- [Work task] Take the lines in the listing below from the line with "In einer Serie" up to and including the line with "Casual in style" and set them down exactly, skipping pictures and adding nothing.

***

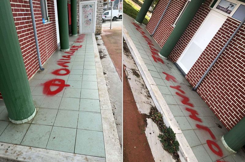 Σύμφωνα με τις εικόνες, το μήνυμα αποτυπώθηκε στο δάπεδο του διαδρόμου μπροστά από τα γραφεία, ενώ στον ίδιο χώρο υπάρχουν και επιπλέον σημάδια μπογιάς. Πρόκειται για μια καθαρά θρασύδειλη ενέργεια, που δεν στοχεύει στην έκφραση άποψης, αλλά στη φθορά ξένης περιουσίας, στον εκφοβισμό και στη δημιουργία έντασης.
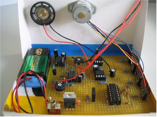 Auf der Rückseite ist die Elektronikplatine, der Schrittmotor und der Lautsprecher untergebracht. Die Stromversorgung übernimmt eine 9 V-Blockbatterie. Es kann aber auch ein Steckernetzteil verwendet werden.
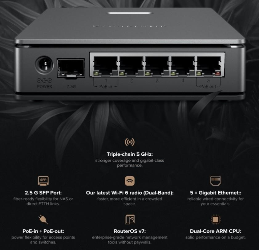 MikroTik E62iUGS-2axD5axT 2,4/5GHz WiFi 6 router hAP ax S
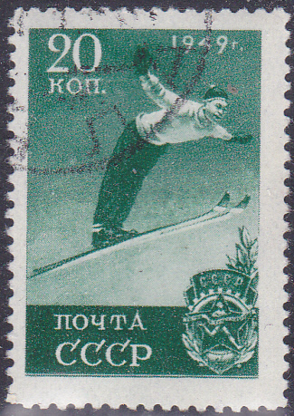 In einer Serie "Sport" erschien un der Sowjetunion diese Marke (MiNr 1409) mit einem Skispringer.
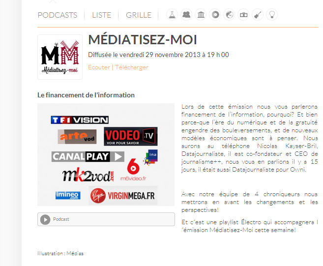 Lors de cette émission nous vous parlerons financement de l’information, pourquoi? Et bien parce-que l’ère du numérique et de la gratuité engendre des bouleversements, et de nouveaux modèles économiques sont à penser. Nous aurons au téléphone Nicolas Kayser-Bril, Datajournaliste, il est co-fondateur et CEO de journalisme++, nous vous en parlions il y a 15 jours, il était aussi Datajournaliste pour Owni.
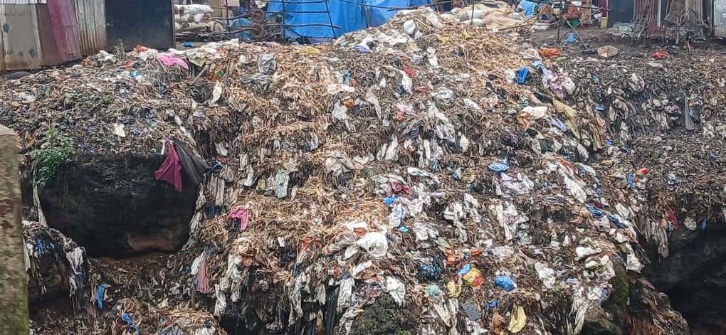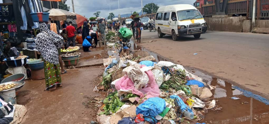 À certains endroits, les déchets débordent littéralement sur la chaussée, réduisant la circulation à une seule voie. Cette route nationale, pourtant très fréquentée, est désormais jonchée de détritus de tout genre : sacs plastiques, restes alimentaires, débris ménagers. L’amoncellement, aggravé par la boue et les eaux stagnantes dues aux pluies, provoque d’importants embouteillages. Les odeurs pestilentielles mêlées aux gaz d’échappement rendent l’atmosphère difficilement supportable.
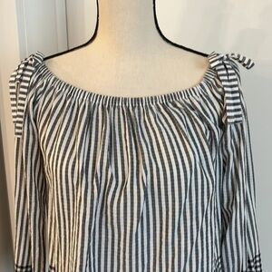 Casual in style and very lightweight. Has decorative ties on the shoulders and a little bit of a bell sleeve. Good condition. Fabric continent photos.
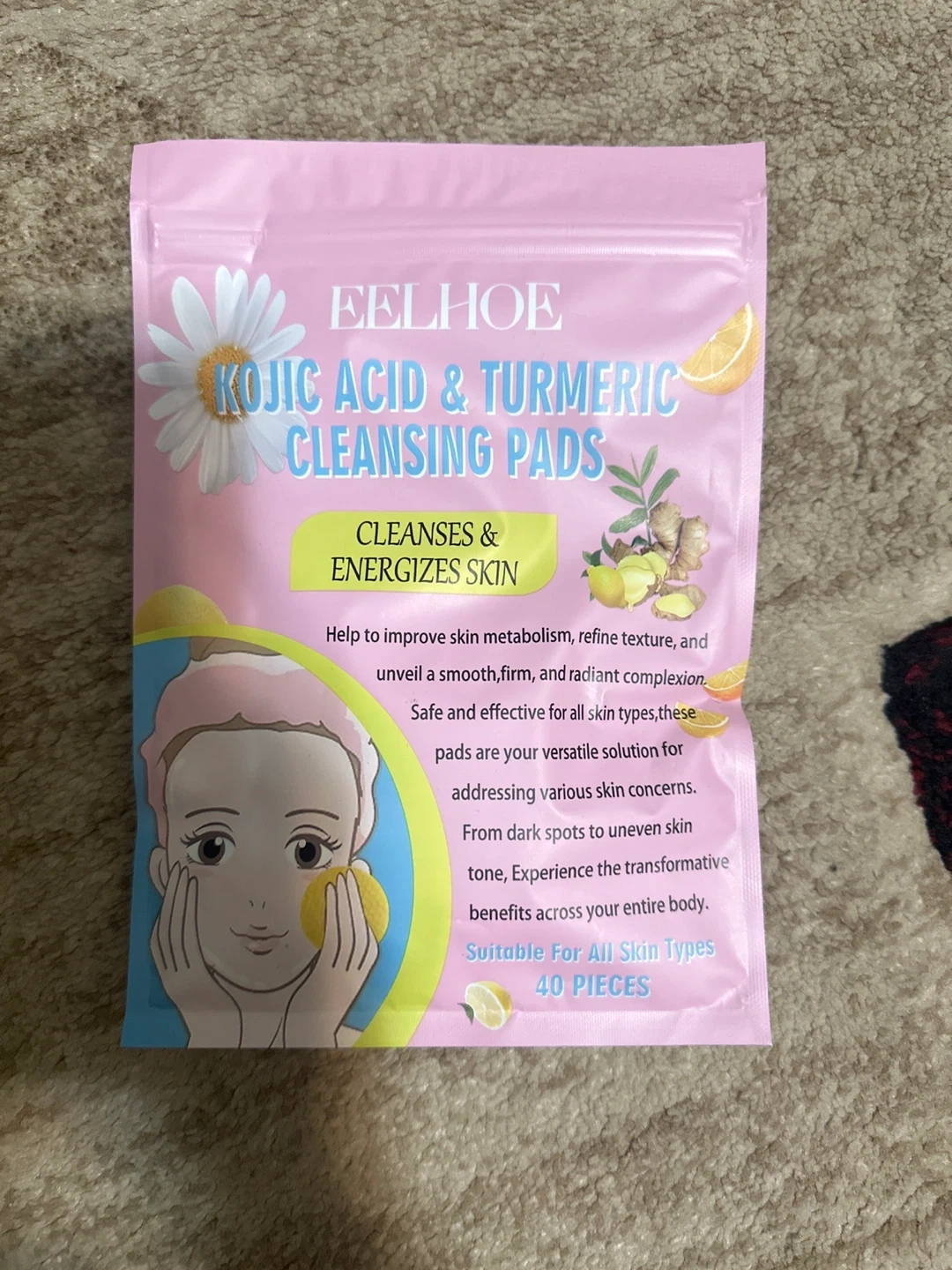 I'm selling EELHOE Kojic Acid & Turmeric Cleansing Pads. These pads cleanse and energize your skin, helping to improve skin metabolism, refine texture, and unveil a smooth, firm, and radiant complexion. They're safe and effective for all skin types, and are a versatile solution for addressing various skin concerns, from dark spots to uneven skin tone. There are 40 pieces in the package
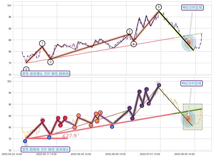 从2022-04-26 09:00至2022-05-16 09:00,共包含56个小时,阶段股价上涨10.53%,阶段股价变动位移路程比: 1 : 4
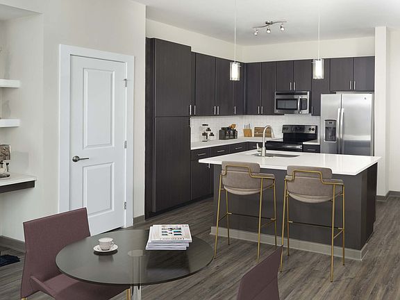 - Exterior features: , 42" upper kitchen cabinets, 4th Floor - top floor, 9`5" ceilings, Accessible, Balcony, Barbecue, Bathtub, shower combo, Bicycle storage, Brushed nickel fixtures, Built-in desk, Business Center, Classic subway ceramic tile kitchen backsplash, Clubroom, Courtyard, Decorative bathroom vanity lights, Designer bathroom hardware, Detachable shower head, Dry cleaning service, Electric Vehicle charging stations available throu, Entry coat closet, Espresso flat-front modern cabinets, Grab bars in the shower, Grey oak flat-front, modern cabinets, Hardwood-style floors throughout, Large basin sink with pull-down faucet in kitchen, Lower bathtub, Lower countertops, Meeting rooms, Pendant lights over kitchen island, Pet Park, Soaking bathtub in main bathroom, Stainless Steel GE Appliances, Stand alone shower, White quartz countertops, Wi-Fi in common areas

***

- [Written answer]
 In einer Serie "Sport" erschien un der Sowjetunion diese Marke (MiNr 1409) mit einem Skispringer.
 Lors de cette émission nous vous parlerons financement de l’information, pourquoi? Et bien parce-que l’ère du numérique et de la gratuité engendre des bouleversements, et de nouveaux modèles économiques sont à penser. Nous aurons au téléphone Nicolas Kayser-Bril, Datajournaliste, il est co-fondateur et CEO de journalisme++, nous vous en parlions il y a 15 jours, il était aussi Datajournaliste pour Owni.
 À certains endroits, les déchets débordent littéralement sur la chaussée, réduisant la circulation à une seule voie. Cette route nationale, pourtant très fréquentée, est désormais jonchée de détritus de tout genre : sacs plastiques, restes alimentaires, débris ménagers. L’amoncellement, aggravé par la boue et les eaux stagnantes dues aux pluies, provoque d’importants embouteillages. Les odeurs pestilentielles mêlées aux gaz d’échappement rendent l’atmosphère difficilement supportable.
 Casual in style and very lightweight. Has decorative ties on the shoulders and a little bit of a bell sleeve. Good condition. Fabric continent photos.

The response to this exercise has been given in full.